The delegations also discussed the benefits of regularizing the situation of Hispanic migrants who have been undocumented for several years and the DACA beneficiaries, who are a vital part of the US economy and society.

End quote.

"Regularizing" is of course open-borders code for amnesty.

Yet strangely, the numbers of border crossings from Mexico have dropped dramatically since then. Border Patrol was reporting daily encounters of twelve to fourteen thousand in late December. Latest figures show a big drop, to four or five thousand.

How strange! Could it be that the December meeting was a nothingburger only in appearance? That some deal was made behind the scenes, a deal that Washington would prefer go un-reported?

It certainly could. Journalists, notably Mary Anastasia O'Grady at the Wall Street Journal dug around in Mexico's own news outlets and connected the dots. Yes, Mexico's President AMLO cut a deal with Washington.

On his side of the deal, AMLO has agreed to round up would-be invaders in Mexico's north and ship them to Mexico's south. There they can either proceed to go home to Guatemala, Nicaragua, etc., or else dwell for years in bureaucratic limbo waiting for travel permission from the Mexican authorities.

There have been other measures, too. A huge, longstanding camp of would-be invaders, just across the Rio Grande from Brownsville, Texas, has been bulldozed. Deep anti-pedestrian trenches have been dug around it to prevent re-population. Railyards all over Mexico are being blockaded by Mexican military to stop invaders riding north on their locomotives.

Hence the reduction in numbers. Four and five thousand a day is still a lot, but it's way fewer than before. With appropriate instructions from Washington to the regime media, come November the horror scenes of the past three years will be a fading memory with the American electorate. That's the hope.

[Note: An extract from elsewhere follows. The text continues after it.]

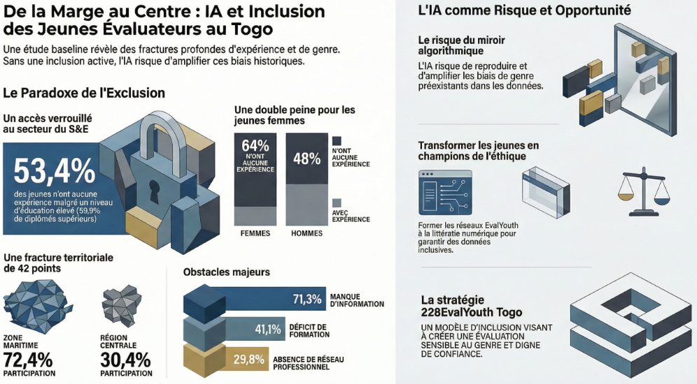 Cette présentation, portée par AGDEN (African Gender and Development Evaluators Network) et 228EvalYouth Togo, s'inscrit directement dans le thème « Évaluation, Preuves et Confiance à l'ère de l'IA ». Elle s'appuie sur les résultats de la première étude baseline nationale conduite au Togo auprès de 442 jeunes dans les cinq régions administratives du pays, pour explorer comment le renforcement des capacités des jeunes évaluateurs peut soutenir une évaluation sensible au genre, éthique et digne de confiance à l'ère de l'IA.
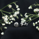 Solitaire Created Black Diamond Swirl Stud Earrings in 3 Prong Setting

So AMLO has done a major favor to Biden and his party. What did he get in return?

Well, he got money, of course. This is Latin America we're talking about. Quote from the New York Post today, January 19th, quote:

AMLO has called for $20 billion dollars to be shared among his country and some others, for starters, according to media reports.

End quote.

That's U.S. taxpayers' money, of course — your money and my money.

And then, there's the hope that by helping Biden AMLO may spare himself from the rigors of another Trump presidency. Trump took a hard line with Mexico, threatening trade tariffs and such. AMLO can reasonably hope for a better deal from a Biden second term.

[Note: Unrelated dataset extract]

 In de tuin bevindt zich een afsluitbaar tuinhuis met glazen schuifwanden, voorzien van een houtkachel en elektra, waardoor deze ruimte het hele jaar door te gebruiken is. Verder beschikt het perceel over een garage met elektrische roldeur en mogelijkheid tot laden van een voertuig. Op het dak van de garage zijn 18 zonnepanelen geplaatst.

There is ideology in play, too. According to the aforementioned Mary Anastasia O'Grady at the Wall Street Journal, AMLO really really hates the rhetoric coming out of Washington, from Kamala Harris for example, about the "root causes" driving the invaders north — poverty, corruption, and insecurity in Venezuela, Nicaragua, Haiti, and Cuba.

Quote from Ms O'Grady, speaking of AMLO, quote:

He's also a nationalist with a strong authoritarian streak who is trying to centralize power. The last thing he wants is a coalition of democracies in the Americas, led by the U.S., pressuring him to respect human rights and the independence of institutions.

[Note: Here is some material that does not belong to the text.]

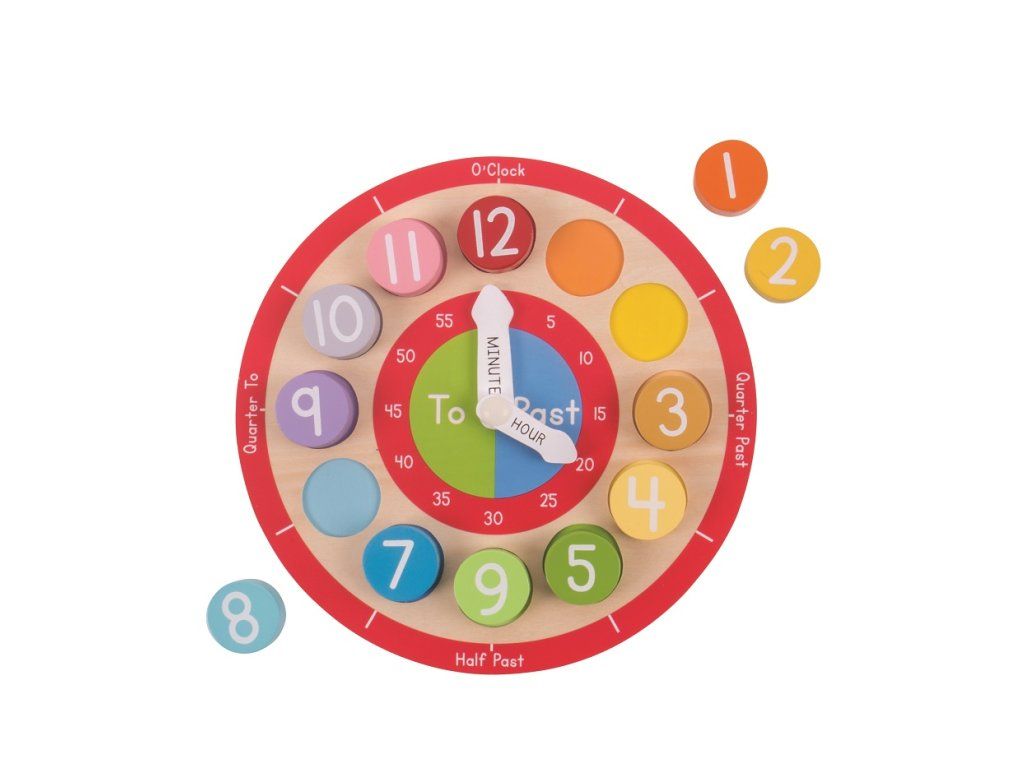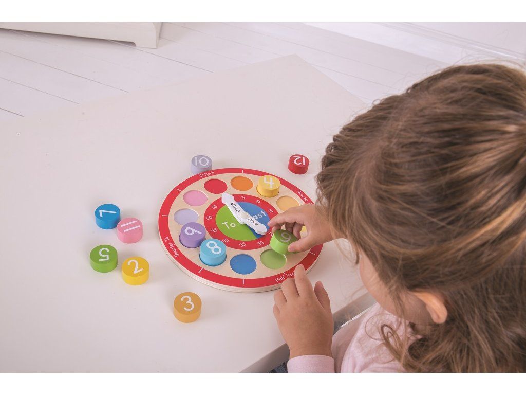 Jednoduchá hračka s tolika příležitostmi k učení – edukativní hodiny od Bigjigs Toys vytvářejí zábavný způsob, jak se učit o číslech, tvarech, barvách a poznávání času. Hodiny obsahují 12 kulatých odnímatelných dílků s čísly 1 až 12. Každý dílek je barevně sladěn se základním slotem, aby se rozvíjely schopnosti rozpoznávání. K dispozici je rozdělení na minuty a části hodiny, které děti naučí rozlišovat čas. Pochopí i rozdělení „čtvrt na“, „tři čtvrtě na“, „půl na“ a další! Pomáhá rozvíjet zručnost, smyslové dovednosti a koncentraci. Vyrobeno z vysoce kvalitních, zodpovědně získaných materiálů. Splňuje aktuální evropské bezpečnostní normy. Hlavní vlastnosti: obsahuje 12 odnímatelných dílů s číslyzákladní deska s popisy v angličtinězábavné učení se o číslech, tvarech, barvách a poznávání časuDoplňkové parametry

This explains his defense of the military dictatorships in the region.

End quote.

So that's the deal: cozy up to Mexico's President, stuff some money in his pockets, promise better treatment than he'd get from Trump, stop saying unkind things about Latino dictatorships. In return we get less horrific numbers coming across our Southern border.

If Biden wins a second term, of course, the whole deal will likely unravel. AMLO will demand more billions, Washington will ignore him, and the big rush will be on again. Eh, the things you have to do to get elected …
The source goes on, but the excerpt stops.